→ Data in this exercise

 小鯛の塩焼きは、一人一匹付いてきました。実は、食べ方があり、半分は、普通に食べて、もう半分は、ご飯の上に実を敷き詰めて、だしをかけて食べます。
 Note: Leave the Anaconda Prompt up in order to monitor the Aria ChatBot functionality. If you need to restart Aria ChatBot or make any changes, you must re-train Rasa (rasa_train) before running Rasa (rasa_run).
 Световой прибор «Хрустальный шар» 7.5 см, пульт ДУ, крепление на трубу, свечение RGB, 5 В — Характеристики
---
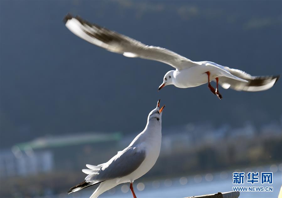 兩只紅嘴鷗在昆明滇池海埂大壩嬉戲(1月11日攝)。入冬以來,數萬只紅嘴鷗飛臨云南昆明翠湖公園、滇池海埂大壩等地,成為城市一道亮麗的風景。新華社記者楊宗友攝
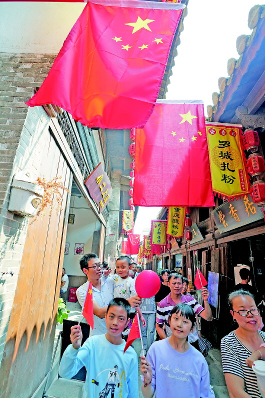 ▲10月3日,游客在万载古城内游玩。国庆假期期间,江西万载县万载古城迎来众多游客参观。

→ What is required
Your answer should be the lines above from the one containing "小鯛の塩焼きは、一人一匹付い" through the one containing "В — Характеристики", copied exactly and with both ends kept.

→ Answer section
 小鯛の塩焼きは、一人一匹付いてきました。実は、食べ方があり、半分は、普通に食べて、もう半分は、ご飯の上に実を敷き詰めて、だしをかけて食べます。
 Note: Leave the Anaconda Prompt up in order to monitor the Aria ChatBot functionality. If you need to restart Aria ChatBot or make any changes, you must re-train Rasa (rasa_train) before running Rasa (rasa_run).
 Световой прибор «Хрустальный шар» 7.5 см, пульт ДУ, крепление на трубу, свечение RGB, 5 В — Характеристики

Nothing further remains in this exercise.